• _WORK ORDER_
Your answer must be an exact copy of the lines below, from the first through the one with "7月からは、授業の集大成とし", with no pictures.

━━━ INPUT ━━━

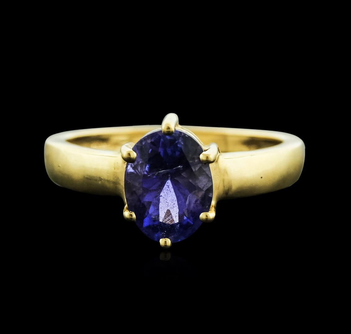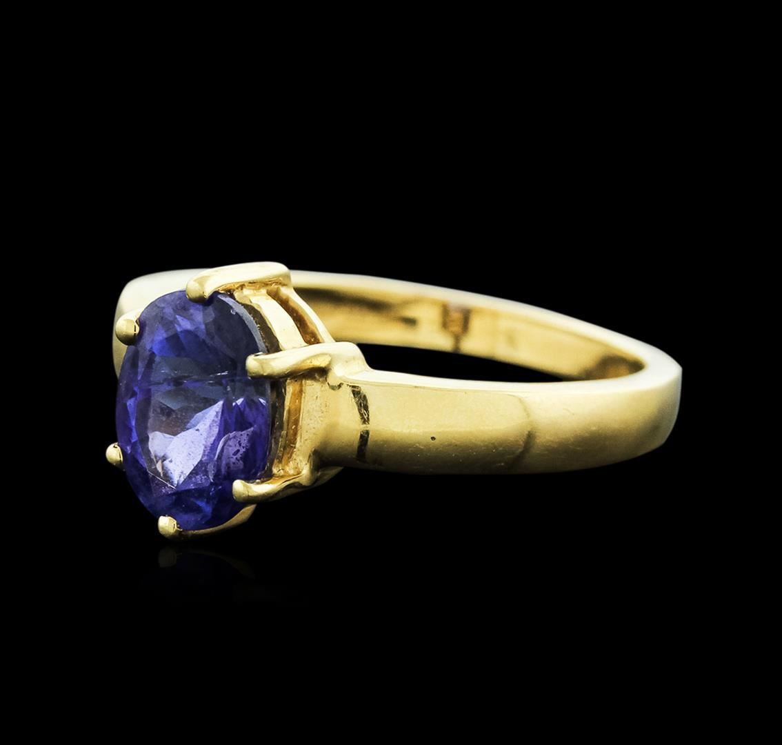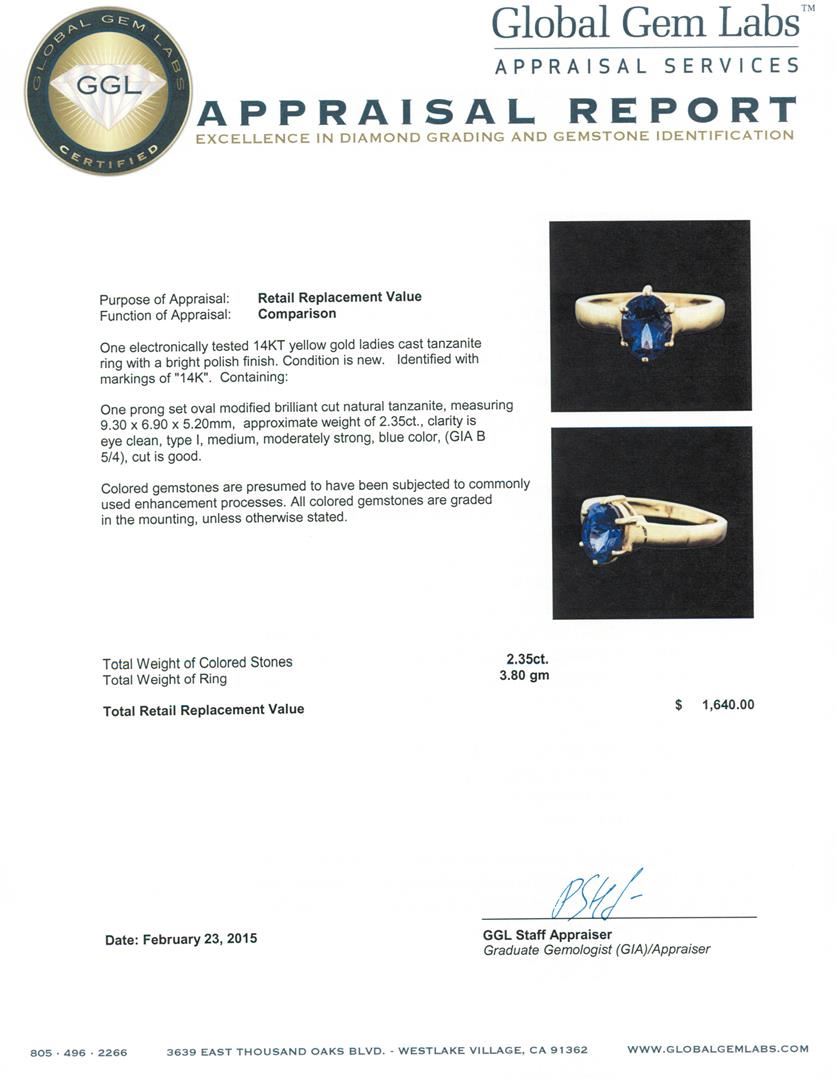 One electronically tested 14KT yellow gold ladies cast tanzanite ring with a bright polish finish. Identified with markings of "14K". Condition is new. Containing: One prong set oval modified brilliant cut natural tanzanite, measuring 9.30 x 6.90 x 5.20mm, approximate weight of 2.35ct., clarity is eye clean, type I, medium, moderately strong, blue color, (GIA B 5/4), cut is good. Colored gemstones are presumed to have been subjected to commonly used enhancement processes. All colored gemstones are graded in the mounting, unless otherwise stated. Total Weight of Colored Stones 2.35ct. Total Weight of Ring 3.80 grams. GGL Appraised at $1,640.00.
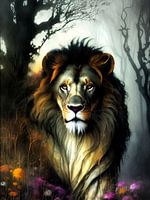 Een fantasie portret van een sierlijke leeuw in het bos. Op de voorgrond groeien gekleurde bloemen.
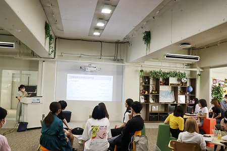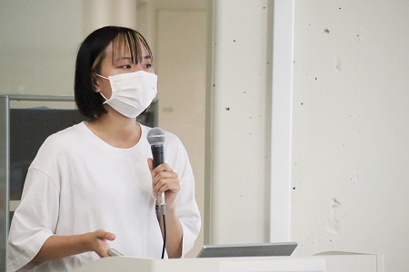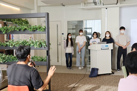 7月からは、授業の集大成として「海外の大学生に社会イノベーション特殊演習を紹介する」という設定で、英語でのプレゼンテーションに挑戦しました。授業内容の紹介に加え、6月に行った提案をブラッシュアップしたもの、そしてこの授業を通して得た力について、それぞれのグループが5分間の発表を行いました。この授業で学んだこととして、根拠データの探し方やビジネスにおける考え方といったスキルに加え、多くのグループがコミュニケーションやチームワークの大切さをあげていたことが印象的でした。発表後は英語で質疑応答も行われ、学生同士で「一番面白かった点は?」「難しかったところは?」など意見を交換しあいました。教員からの総評では、「ビジネスの視点だけでなく、歴史などさらに大きな視点からも考えを深めていってほしい」「できるだけレジュメを見ずにジェスチャーも交えてプレゼンすることを目指してほしい」といったコメントがありました。
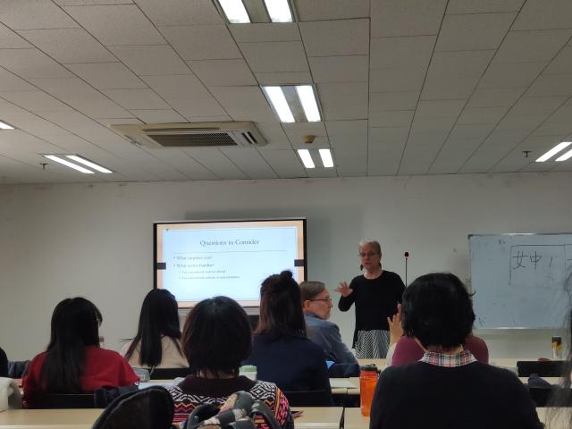 7日下午,Silberstein教授在B体育平台新楼301做了第一场报告,介绍了她在过去十年中对华盛顿大学国际学生日渐增多这一现象的调查研究。此项研究采用了量的与质的相结合的方法,分别收集了来自教师、助教以及国际学生三方面的数据,试图探讨不同人群对国际学生群体的看法和态度。研究发现教师和助教对国际学生的态度既有正面也有负面,一方面他们认为国际学生为课堂带来了新的文化视角,丰富了课堂的内容;另一方面国际学生的课堂参与度较低,对学术抄袭有不同的理解,又为教学带来了一些问题。Silberstein教授将国际学生的调查结果与教师和助教的研究发现进行了对比分析,打破了大众以往对于国际学生的偏见,更为立体和全面地展现了国际学生群体给学校带来的影响,针对性地提出了学校为支持国际学生学术发展的一系列举措。
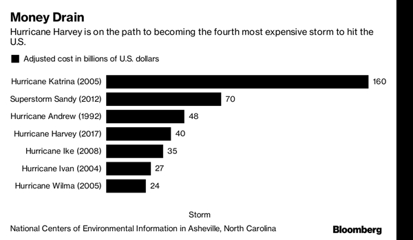 Harvey’s cost could mount to $24 billion when including the impact of relentless flooding on the labor force, power grid, transportation and other elements that support the region’s energy sector, Chuck Watson, a disaster modeler with Enki Research, said by phone on Sunday. That would place it among the top eight hurricanes to ever strike the U.S.
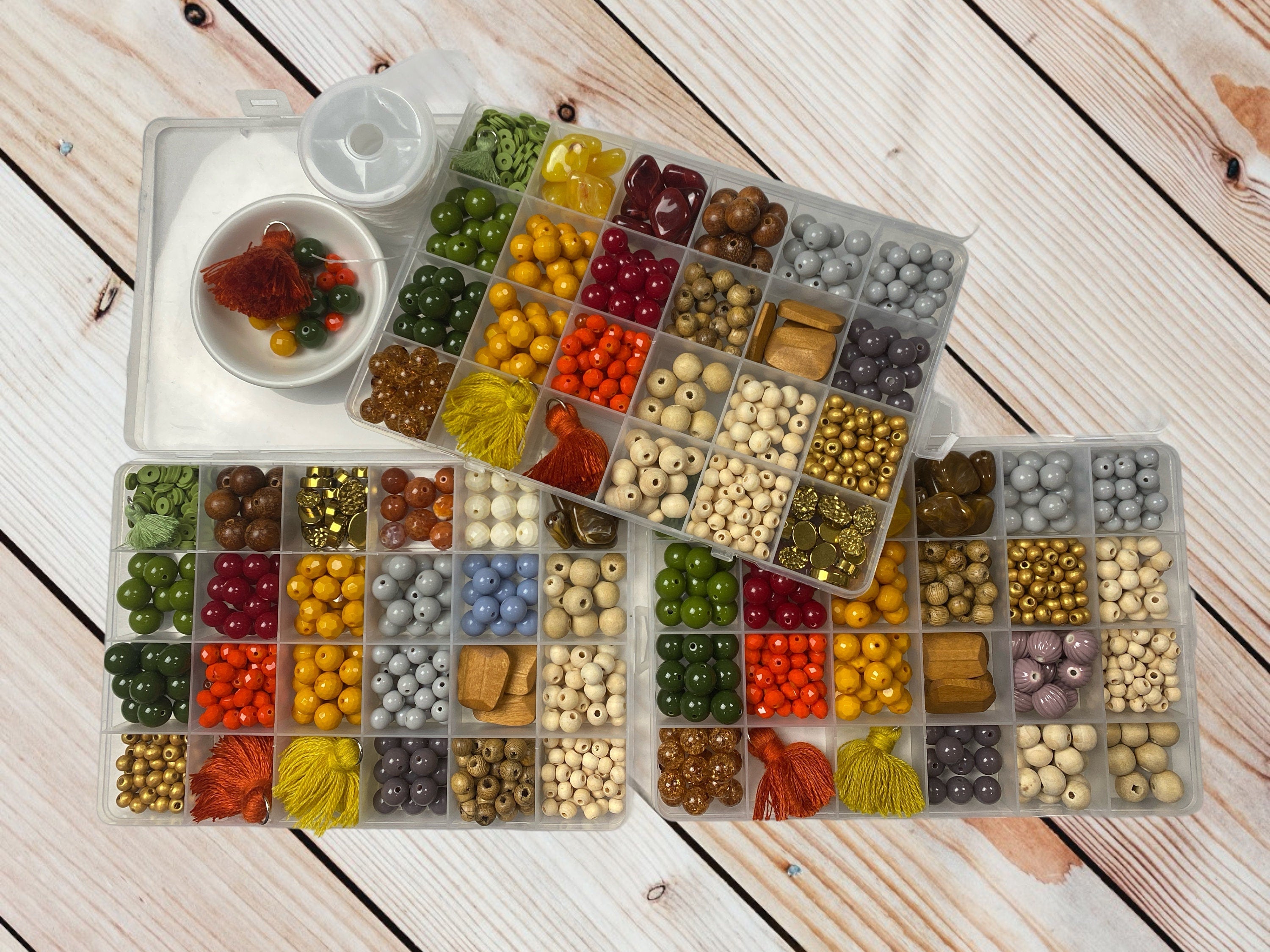 Fall Beads Kit- Kids beads, Diy bead kit, Orange , Mustard muted colors box, friendship bracelet, kids gift, birthday gift,

━━━

• _ANSWER FOR THIS EXERCISE_
 One electronically tested 14KT yellow gold ladies cast tanzanite ring with a bright polish finish. Identified with markings of "14K". Condition is new. Containing: One prong set oval modified brilliant cut natural tanzanite, measuring 9.30 x 6.90 x 5.20mm, approximate weight of 2.35ct., clarity is eye clean, type I, medium, moderately strong, blue color, (GIA B 5/4), cut is good. Colored gemstones are presumed to have been subjected to commonly used enhancement processes. All colored gemstones are graded in the mounting, unless otherwise stated. Total Weight of Colored Stones 2.35ct. Total Weight of Ring 3.80 grams. GGL Appraised at $1,640.00.
 Een fantasie portret van een sierlijke leeuw in het bos. Op de voorgrond groeien gekleurde bloemen.
 7月からは、授業の集大成として「海外の大学生に社会イノベーション特殊演習を紹介する」という設定で、英語でのプレゼンテーションに挑戦しました。授業内容の紹介に加え、6月に行った提案をブラッシュアップしたもの、そしてこの授業を通して得た力について、それぞれのグループが5分間の発表を行いました。この授業で学んだこととして、根拠データの探し方やビジネスにおける考え方といったスキルに加え、多くのグループがコミュニケーションやチームワークの大切さをあげていたことが印象的でした。発表後は英語で質疑応答も行われ、学生同士で「一番面白かった点は?」「難しかったところは?」など意見を交換しあいました。教員からの総評では、「ビジネスの視点だけでなく、歴史などさらに大きな視点からも考えを深めていってほしい」「できるだけレジュメを見ずにジェスチャーも交えてプレゼンすることを目指してほしい」といったコメントがありました。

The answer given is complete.